I have some necessary writing to tackle very soon. I contain dim and troubled waters on only the rarest of occasions but this time around the waters are rough. that vague allusion will suffice so far as this little blog entry is concerned. in this moment I am writing as an exercise--to warm up to the art so that my skills may be a little sharper once I turn my attention to more outwardly oriented topics.

enough adieu.

this morning I arrived at work on time. for much of my employment this was the norm, but I've been rolling in about five minutes late these past few months. but not today - this time I was a few minutes early. my boss never notices my arrival as it hovers behind and ahead of when I'm on the clock, and I have a hard time worrying myself with the matter too much as I almost always leave a good chunk after my hour of intended departure, not to mention the research time I put in on my own time.

her text messages roll in on the latter half of my commute there. if it seems safe to do so I check them on the way, the I cut off the radio or music and tune in to the tasks ahead. "Good morning! CC this AM. Please gently wash off H wound with water, trying not to disturb any healthy scabbing. She is wary of the hose so start slowly. Perhaps a bucket of warm water and a gauze would work best. When it dries, apply antibiotic ointment - found w/gauze in the drawers to the left as you enter the tack shack. You may need to warm it up to squeeze it out. Please also give Savana an afternoon feed."

she starts her communication with the general and moves through the increasingly specific. codes emerge: "CC" is critter care: feeding and watering the seven horses, ranging from tiny Sadie who barely hits my hip to giant, 18 Hh Zolton, a black spotted draft whose youthful exuberance makes his size all the more intimidating (he is around six feet tall at his withers). "H" is Honey, because she is the color of Honey, with a glorious white mane and tail. Honey managed to scuff herself up pretty bad recently, probably while throwing her heft around - though I suspect her overwhelming locks may make for a tough time minding the fence snags and briars that can make pasture life difficult. finally, "S" is Savana, who is over thirty years old and insecure of her place in the herd. I'm told by the horse trimmer Crystal (who is a story in her own right) that Savana wasn't likely to last through last winter. she is a Trakehner, meaning she has aggressive angles made all the more rigid by her age. but her face is dished, and looks young, and she carries an ever-worried look in her dark eyes that remind me of my old dead mare Codi and my tiny grandmother Sybil who has been locked in the steadfast grasp of Alzheimer's for longer than I can remember.

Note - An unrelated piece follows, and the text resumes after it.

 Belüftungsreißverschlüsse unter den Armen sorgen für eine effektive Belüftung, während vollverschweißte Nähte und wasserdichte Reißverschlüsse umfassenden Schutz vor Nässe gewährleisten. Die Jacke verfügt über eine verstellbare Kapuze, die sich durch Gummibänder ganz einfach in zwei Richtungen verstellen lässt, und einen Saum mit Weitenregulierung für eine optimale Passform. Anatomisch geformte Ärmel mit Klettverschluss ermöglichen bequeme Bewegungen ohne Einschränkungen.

so, I set to work. I fed the horses and checked on the chickens, too. I tended to Honey's wounds, and soaked Murphy's abscessed hoof, and brushed Savana, and filled troughs, and gathered buckets, and trotted horses across three pastures. I dashed around the property on their golf cart (which we treat as one of those tough green Gators despite its constant protests in the form of flat tires and lost buckets). sometimes the farm cats climb aboard and taste horse feed and chicken mash just to make sure, for the hundredth time, that it is indeed not the same as cat food. most of the cats are affectionate and long overdue for a cuddle, so I hold them tight and accelerate to fifteen, twenty, twenty-two miles per hour while cat claws curl into my skin and fasten to me like velcro.

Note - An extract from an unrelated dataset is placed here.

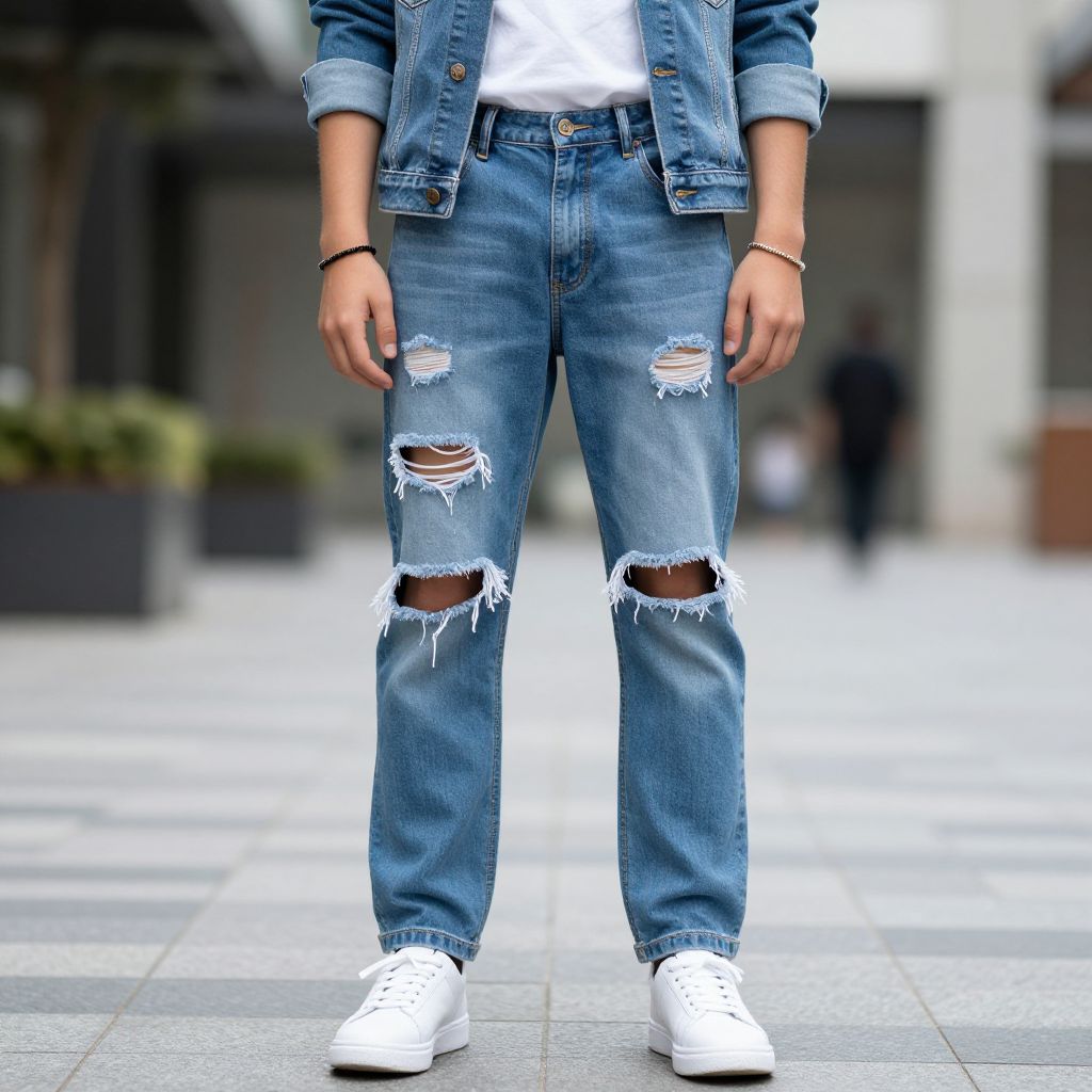 Damage jeans costume, 1boy, denim, male focus, solo, jeans, pants, torn pants, torn clothes, torn jeans, brown hair, shirt, standing, shoes, bracelet, denim jacket, outdoors, full body, blurry background, blurry, jewelry, pocket, looking at viewer, realistic, blue pants, closed mouth

I was weeding the long, arced strawberry row when it began to rain so I moved my work to their dining room table and made great strides in planning the garden. what a myriad of considerations there are! what grows in the garden now, what was there last season, last year, two years ago all come into play--as do less ephemeral considerations like sunlight, soil structure, and how much finished compost I have now or will have later. and then there is simple matter of what I need to grow. and how much of each. and, are the seeds still good?

this time around my boss wants me to build a cloche for seed-starting. I think it'll be a bit more involved than she assumes, but I am up to the challenge, and thankful that an early spring has forced her to focus on planting season in a timely fashion rather than waiting 'til we're weeks behind.

I've just about got it figured out, though I have been this confident before only to have some unforeseen factor or critical aspect I failed to take into account completely sabotage my intended scheme. so it goes! that beloved term, resilience, applies to agriculture in the abstract, too: I must be able to grow, and grow well, even when set askew.

garden books make long-term crop plans seem easy. ah, you planted tomato and peppers there last year? solanaceae? well, that's where the alliums will go this spring!

but what if that soil is unsuitable for leeks or onions? and, what of leeks' slow growth? and what if that spot had a bizarre interplanting of eggplant and onion the year prior because the gardener was experimenting with microclimates and differing root depths!? ... hypothetically speaking, of course.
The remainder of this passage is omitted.